§ WHAT TO PRODUCE
What is needed here is an exact copy of all the data.

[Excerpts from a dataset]
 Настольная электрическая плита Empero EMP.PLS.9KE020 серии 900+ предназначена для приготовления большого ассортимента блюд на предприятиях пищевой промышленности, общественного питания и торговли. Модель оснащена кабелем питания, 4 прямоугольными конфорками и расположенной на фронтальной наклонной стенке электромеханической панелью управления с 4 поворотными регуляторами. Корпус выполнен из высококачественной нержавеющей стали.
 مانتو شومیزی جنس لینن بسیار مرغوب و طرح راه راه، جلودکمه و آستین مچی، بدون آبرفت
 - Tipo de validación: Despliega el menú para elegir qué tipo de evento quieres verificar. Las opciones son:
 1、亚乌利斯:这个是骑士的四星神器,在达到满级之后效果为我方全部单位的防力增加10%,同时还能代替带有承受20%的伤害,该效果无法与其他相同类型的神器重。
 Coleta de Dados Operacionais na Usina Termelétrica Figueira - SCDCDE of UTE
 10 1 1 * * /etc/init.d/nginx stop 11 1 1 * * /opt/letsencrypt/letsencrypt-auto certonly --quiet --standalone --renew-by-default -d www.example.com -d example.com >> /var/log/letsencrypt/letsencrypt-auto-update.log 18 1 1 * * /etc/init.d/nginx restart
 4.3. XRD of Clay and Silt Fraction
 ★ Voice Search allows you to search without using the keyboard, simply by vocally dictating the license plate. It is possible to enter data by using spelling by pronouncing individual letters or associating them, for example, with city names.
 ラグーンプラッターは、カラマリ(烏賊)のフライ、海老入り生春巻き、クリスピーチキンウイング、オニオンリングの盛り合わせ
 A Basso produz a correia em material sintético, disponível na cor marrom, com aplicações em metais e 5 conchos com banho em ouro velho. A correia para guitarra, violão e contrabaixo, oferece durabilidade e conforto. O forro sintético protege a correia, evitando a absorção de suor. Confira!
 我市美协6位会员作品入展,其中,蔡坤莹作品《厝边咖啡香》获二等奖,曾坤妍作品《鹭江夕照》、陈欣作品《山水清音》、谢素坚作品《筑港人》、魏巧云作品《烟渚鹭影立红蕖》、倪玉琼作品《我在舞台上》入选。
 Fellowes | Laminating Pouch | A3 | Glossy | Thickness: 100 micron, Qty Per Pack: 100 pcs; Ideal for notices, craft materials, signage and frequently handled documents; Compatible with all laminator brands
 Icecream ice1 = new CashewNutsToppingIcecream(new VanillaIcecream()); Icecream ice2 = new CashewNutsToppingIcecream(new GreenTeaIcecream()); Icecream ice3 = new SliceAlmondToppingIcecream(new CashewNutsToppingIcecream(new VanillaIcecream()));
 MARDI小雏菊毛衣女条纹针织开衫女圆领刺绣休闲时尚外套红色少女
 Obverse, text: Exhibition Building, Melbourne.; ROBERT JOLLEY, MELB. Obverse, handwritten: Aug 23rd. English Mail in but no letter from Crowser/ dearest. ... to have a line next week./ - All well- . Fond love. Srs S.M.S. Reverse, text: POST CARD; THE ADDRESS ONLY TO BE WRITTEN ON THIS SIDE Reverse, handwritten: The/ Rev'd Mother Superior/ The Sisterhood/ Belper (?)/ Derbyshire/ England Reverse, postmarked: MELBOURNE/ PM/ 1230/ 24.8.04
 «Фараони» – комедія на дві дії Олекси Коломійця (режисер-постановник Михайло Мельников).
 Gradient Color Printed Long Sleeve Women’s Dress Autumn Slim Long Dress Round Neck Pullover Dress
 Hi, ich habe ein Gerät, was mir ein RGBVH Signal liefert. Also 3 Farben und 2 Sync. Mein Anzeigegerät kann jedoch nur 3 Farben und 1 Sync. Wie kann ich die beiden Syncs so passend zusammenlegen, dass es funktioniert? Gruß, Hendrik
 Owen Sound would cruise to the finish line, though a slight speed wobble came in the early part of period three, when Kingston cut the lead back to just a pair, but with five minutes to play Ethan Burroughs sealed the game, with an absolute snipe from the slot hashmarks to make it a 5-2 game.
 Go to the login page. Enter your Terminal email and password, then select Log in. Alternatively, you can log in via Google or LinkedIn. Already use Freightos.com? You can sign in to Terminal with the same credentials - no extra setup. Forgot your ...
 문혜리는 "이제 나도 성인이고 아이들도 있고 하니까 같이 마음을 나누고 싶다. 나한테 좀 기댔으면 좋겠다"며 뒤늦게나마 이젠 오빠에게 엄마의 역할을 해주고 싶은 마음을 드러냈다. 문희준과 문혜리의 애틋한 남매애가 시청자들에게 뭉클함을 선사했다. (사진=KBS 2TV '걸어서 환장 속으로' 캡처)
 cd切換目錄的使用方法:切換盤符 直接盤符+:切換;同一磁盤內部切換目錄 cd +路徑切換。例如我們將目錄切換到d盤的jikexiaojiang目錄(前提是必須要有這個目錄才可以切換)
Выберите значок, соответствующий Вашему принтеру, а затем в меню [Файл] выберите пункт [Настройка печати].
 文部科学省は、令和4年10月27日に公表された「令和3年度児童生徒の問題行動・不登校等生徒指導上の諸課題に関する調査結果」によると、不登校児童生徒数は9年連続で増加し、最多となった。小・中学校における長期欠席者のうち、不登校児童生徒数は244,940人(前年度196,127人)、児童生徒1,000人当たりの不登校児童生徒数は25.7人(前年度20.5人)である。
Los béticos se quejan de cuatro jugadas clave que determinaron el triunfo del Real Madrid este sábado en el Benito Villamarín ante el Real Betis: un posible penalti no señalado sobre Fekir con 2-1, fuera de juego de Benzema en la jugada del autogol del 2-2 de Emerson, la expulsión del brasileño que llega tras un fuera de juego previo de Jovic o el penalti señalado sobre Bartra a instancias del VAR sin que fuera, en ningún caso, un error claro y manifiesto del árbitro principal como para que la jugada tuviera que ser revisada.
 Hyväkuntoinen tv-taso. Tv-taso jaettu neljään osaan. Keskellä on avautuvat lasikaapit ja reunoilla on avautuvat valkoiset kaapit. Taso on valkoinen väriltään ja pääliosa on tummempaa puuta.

§ PROBLEM SOLUTION
 Настольная электрическая плита Empero EMP.PLS.9KE020 серии 900+ предназначена для приготовления большого ассортимента блюд на предприятиях пищевой промышленности, общественного питания и торговли. Модель оснащена кабелем питания, 4 прямоугольными конфорками и расположенной на фронтальной наклонной стенке электромеханической панелью управления с 4 поворотными регуляторами. Корпус выполнен из высококачественной нержавеющей стали.
 مانتو شومیزی جنس لینن بسیار مرغوب و طرح راه راه، جلودکمه و آستین مچی، بدون آبرفت
 - Tipo de validación: Despliega el menú para elegir qué tipo de evento quieres verificar. Las opciones son:
 1、亚乌利斯:这个是骑士的四星神器,在达到满级之后效果为我方全部单位的防力增加10%,同时还能代替带有承受20%的伤害,该效果无法与其他相同类型的神器重。
 Coleta de Dados Operacionais na Usina Termelétrica Figueira - SCDCDE of UTE
 10 1 1 * * /etc/init.d/nginx stop 11 1 1 * * /opt/letsencrypt/letsencrypt-auto certonly --quiet --standalone --renew-by-default -d www.example.com -d example.com >> /var/log/letsencrypt/letsencrypt-auto-update.log 18 1 1 * * /etc/init.d/nginx restart
 4.3. XRD of Clay and Silt Fraction
 ★ Voice Search allows you to search without using the keyboard, simply by vocally dictating the license plate. It is possible to enter data by using spelling by pronouncing individual letters or associating them, for example, with city names.
 ラグーンプラッターは、カラマリ(烏賊)のフライ、海老入り生春巻き、クリスピーチキンウイング、オニオンリングの盛り合わせ
 A Basso produz a correia em material sintético, disponível na cor marrom, com aplicações em metais e 5 conchos com banho em ouro velho. A correia para guitarra, violão e contrabaixo, oferece durabilidade e conforto. O forro sintético protege a correia, evitando a absorção de suor. Confira!
 我市美协6位会员作品入展,其中,蔡坤莹作品《厝边咖啡香》获二等奖,曾坤妍作品《鹭江夕照》、陈欣作品《山水清音》、谢素坚作品《筑港人》、魏巧云作品《烟渚鹭影立红蕖》、倪玉琼作品《我在舞台上》入选。
 Fellowes | Laminating Pouch | A3 | Glossy | Thickness: 100 micron, Qty Per Pack: 100 pcs; Ideal for notices, craft materials, signage and frequently handled documents; Compatible with all laminator brands
 Icecream ice1 = new CashewNutsToppingIcecream(new VanillaIcecream()); Icecream ice2 = new CashewNutsToppingIcecream(new GreenTeaIcecream()); Icecream ice3 = new SliceAlmondToppingIcecream(new CashewNutsToppingIcecream(new VanillaIcecream()));
 MARDI小雏菊毛衣女条纹针织开衫女圆领刺绣休闲时尚外套红色少女
 Obverse, text: Exhibition Building, Melbourne.; ROBERT JOLLEY, MELB. Obverse, handwritten: Aug 23rd. English Mail in but no letter from Crowser/ dearest. ... to have a line next week./ - All well- . Fond love. Srs S.M.S. Reverse, text: POST CARD; THE ADDRESS ONLY TO BE WRITTEN ON THIS SIDE Reverse, handwritten: The/ Rev'd Mother Superior/ The Sisterhood/ Belper (?)/ Derbyshire/ England Reverse, postmarked: MELBOURNE/ PM/ 1230/ 24.8.04
 «Фараони» – комедія на дві дії Олекси Коломійця (режисер-постановник Михайло Мельников).
 Gradient Color Printed Long Sleeve Women’s Dress Autumn Slim Long Dress Round Neck Pullover Dress
 Hi, ich habe ein Gerät, was mir ein RGBVH Signal liefert. Also 3 Farben und 2 Sync. Mein Anzeigegerät kann jedoch nur 3 Farben und 1 Sync. Wie kann ich die beiden Syncs so passend zusammenlegen, dass es funktioniert? Gruß, Hendrik
 Owen Sound would cruise to the finish line, though a slight speed wobble came in the early part of period three, when Kingston cut the lead back to just a pair, but with five minutes to play Ethan Burroughs sealed the game, with an absolute snipe from the slot hashmarks to make it a 5-2 game.
 Go to the login page. Enter your Terminal email and password, then select Log in. Alternatively, you can log in via Google or LinkedIn. Already use Freightos.com? You can sign in to Terminal with the same credentials - no extra setup. Forgot your ...
 문혜리는 "이제 나도 성인이고 아이들도 있고 하니까 같이 마음을 나누고 싶다. 나한테 좀 기댔으면 좋겠다"며 뒤늦게나마 이젠 오빠에게 엄마의 역할을 해주고 싶은 마음을 드러냈다. 문희준과 문혜리의 애틋한 남매애가 시청자들에게 뭉클함을 선사했다. (사진=KBS 2TV '걸어서 환장 속으로' 캡처)
 cd切換目錄的使用方法:切換盤符 直接盤符+:切換;同一磁盤內部切換目錄 cd +路徑切換。例如我們將目錄切換到d盤的jikexiaojiang目錄(前提是必須要有這個目錄才可以切換)
Выберите значок, соответствующий Вашему принтеру, а затем в меню [Файл] выберите пункт [Настройка печати].
 文部科学省は、令和4年10月27日に公表された「令和3年度児童生徒の問題行動・不登校等生徒指導上の諸課題に関する調査結果」によると、不登校児童生徒数は9年連続で増加し、最多となった。小・中学校における長期欠席者のうち、不登校児童生徒数は244,940人(前年度196,127人)、児童生徒1,000人当たりの不登校児童生徒数は25.7人(前年度20.5人)である。
Los béticos se quejan de cuatro jugadas clave que determinaron el triunfo del Real Madrid este sábado en el Benito Villamarín ante el Real Betis: un posible penalti no señalado sobre Fekir con 2-1, fuera de juego de Benzema en la jugada del autogol del 2-2 de Emerson, la expulsión del brasileño que llega tras un fuera de juego previo de Jovic o el penalti señalado sobre Bartra a instancias del VAR sin que fuera, en ningún caso, un error claro y manifiesto del árbitro principal como para que la jugada tuviera que ser revisada.
 Hyväkuntoinen tv-taso. Tv-taso jaettu neljään osaan. Keskellä on avautuvat lasikaapit ja reunoilla on avautuvat valkoiset kaapit. Taso on valkoinen väriltään ja pääliosa on tummempaa puuta.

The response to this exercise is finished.